• Exercise objective
Gather every line of the entries that includes the word "human".

*** Dataset content Section Begins ***

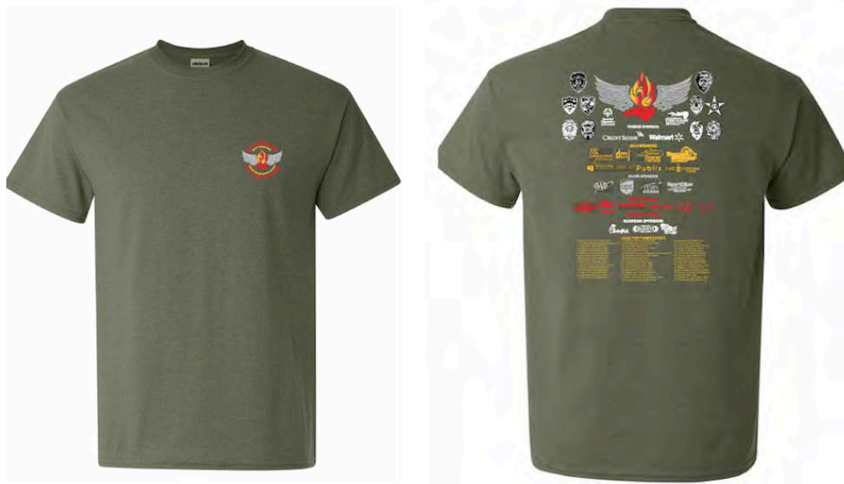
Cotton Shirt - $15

*** Dataset content Section Ends ***
*** Dataset content Section Begins ***

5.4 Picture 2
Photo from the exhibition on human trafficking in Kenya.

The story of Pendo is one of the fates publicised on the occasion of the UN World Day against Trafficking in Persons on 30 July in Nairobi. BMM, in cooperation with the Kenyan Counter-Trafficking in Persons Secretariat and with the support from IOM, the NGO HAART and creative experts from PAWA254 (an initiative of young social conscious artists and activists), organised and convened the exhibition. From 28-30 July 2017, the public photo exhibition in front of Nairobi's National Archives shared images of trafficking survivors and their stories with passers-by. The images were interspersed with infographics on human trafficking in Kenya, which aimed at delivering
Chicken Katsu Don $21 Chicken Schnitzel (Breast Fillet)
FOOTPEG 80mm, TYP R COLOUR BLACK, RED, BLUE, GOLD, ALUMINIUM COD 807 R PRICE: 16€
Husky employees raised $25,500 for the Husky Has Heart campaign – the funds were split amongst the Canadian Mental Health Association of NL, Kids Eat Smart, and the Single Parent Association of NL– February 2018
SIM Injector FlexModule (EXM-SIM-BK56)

*** Dataset content Section Ends ***
*** Dataset content Section Begins ***

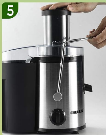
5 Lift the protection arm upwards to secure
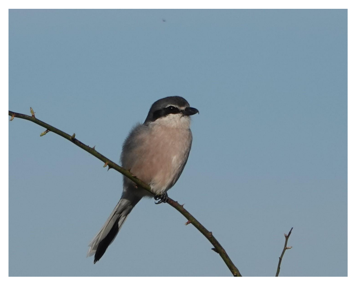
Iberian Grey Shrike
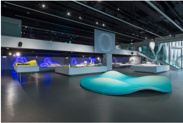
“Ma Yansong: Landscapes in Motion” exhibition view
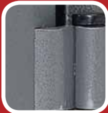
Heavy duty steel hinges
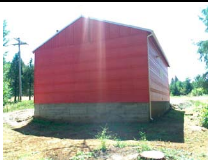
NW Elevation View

*** Dataset content Section Ends ***

• Output
Photo from the exhibition on human trafficking in Kenya.
The story of Pendo is one of the fates publicised on the occasion of the UN World Day against Trafficking in Persons on 30 July in Nairobi. BMM, in cooperation with the Kenyan Counter-Trafficking in Persons Secretariat and with the support from IOM, the NGO HAART and creative experts from PAWA254 (an initiative of young social conscious artists and activists), organised and convened the exhibition. From 28-30 July 2017, the public photo exhibition in front of Nairobi's National Archives shared images of trafficking survivors and their stories with passers-by. The images were interspersed with infographics on human trafficking in Kenya, which aimed at delivering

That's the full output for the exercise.